§ **What the exercise asks**: Reproduce the line with "END) AS 'Professor'" and everything after it in the listing below, exactly, both ends included. No pictures.
[[ Data extract open ]]
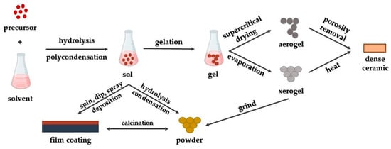 The sol-gel approach stands as a fundamental synthetic method directed towards generating novel structures, predominantly focusing on metal oxides and similar inorganic materials by employing an inorganic precursor and an organic solvent [96]. By combining metal alkoxides with appropriate solvents and reactants, uniform solutions are formed, subsequently developing into colloidal suspensions (sol) and progressing into integrated networks through poly-condensation (gel) [97]. These networks are subsequently converted into xerogels or aerogels, relying on the specific drying process employed (Figure 3).
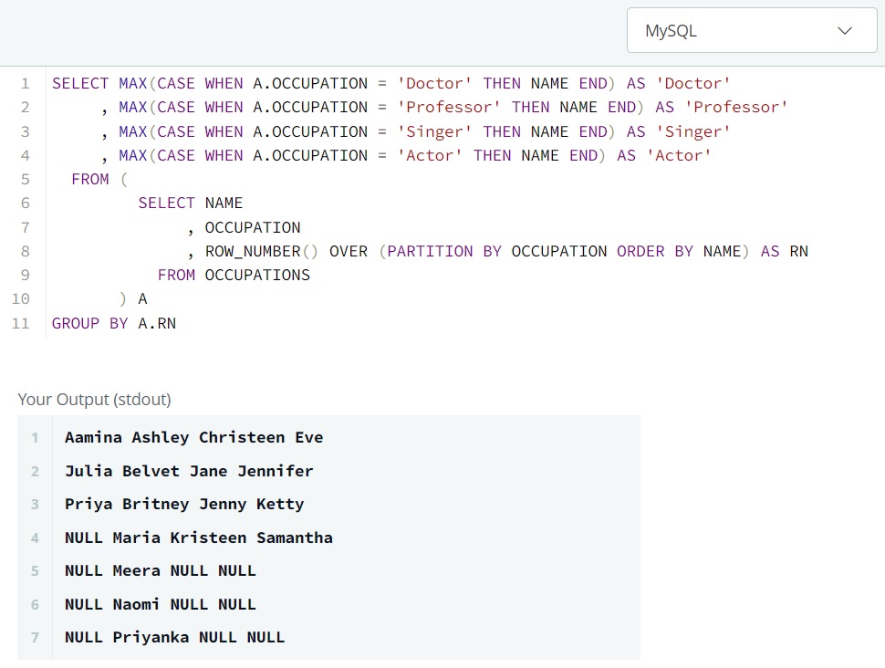 , MAX(CASE WHEN A.OCCUPATION = 'Professor' THEN NAME END) AS 'Professor'
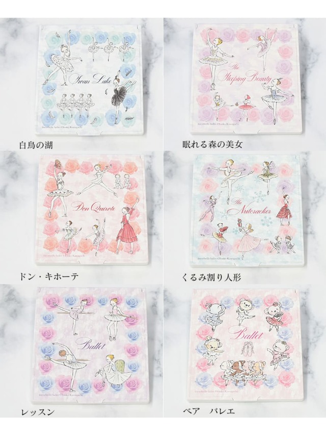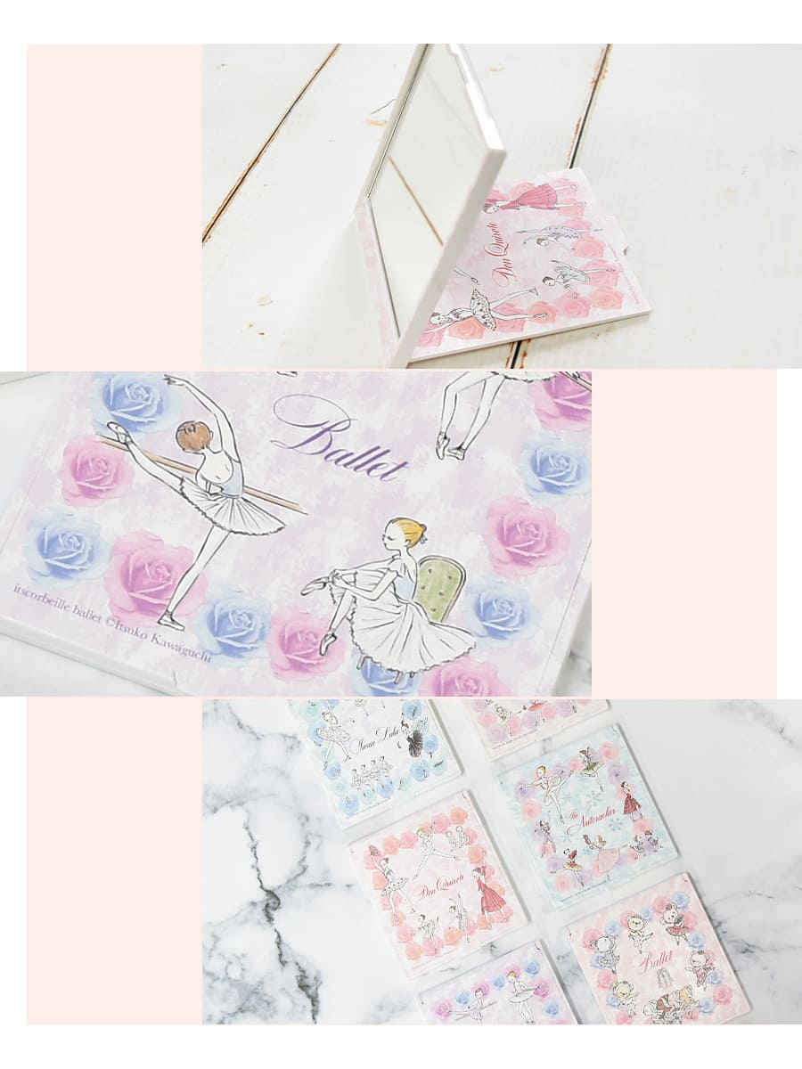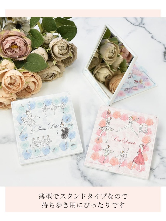 カワグチイツコさんによる愛らしく美しいバレエの世界。 人気のイラストがスクエア型ミラーになりました。 コンパクトサイズで持ち歩くのにも丁度良い♪ スタンドタイプなので楽屋でのメイクチェックにも便利です。
[[ Data extract closed ]]
§ **Answer box**:
 , MAX(CASE WHEN A.OCCUPATION = 'Professor' THEN NAME END) AS 'Professor'
 カワグチイツコさんによる愛らしく美しいバレエの世界。 人気のイラストがスクエア型ミラーになりました。 コンパクトサイズで持ち歩くのにも丁度良い♪ スタンドタイプなので楽屋でのメイクチェックにも便利です。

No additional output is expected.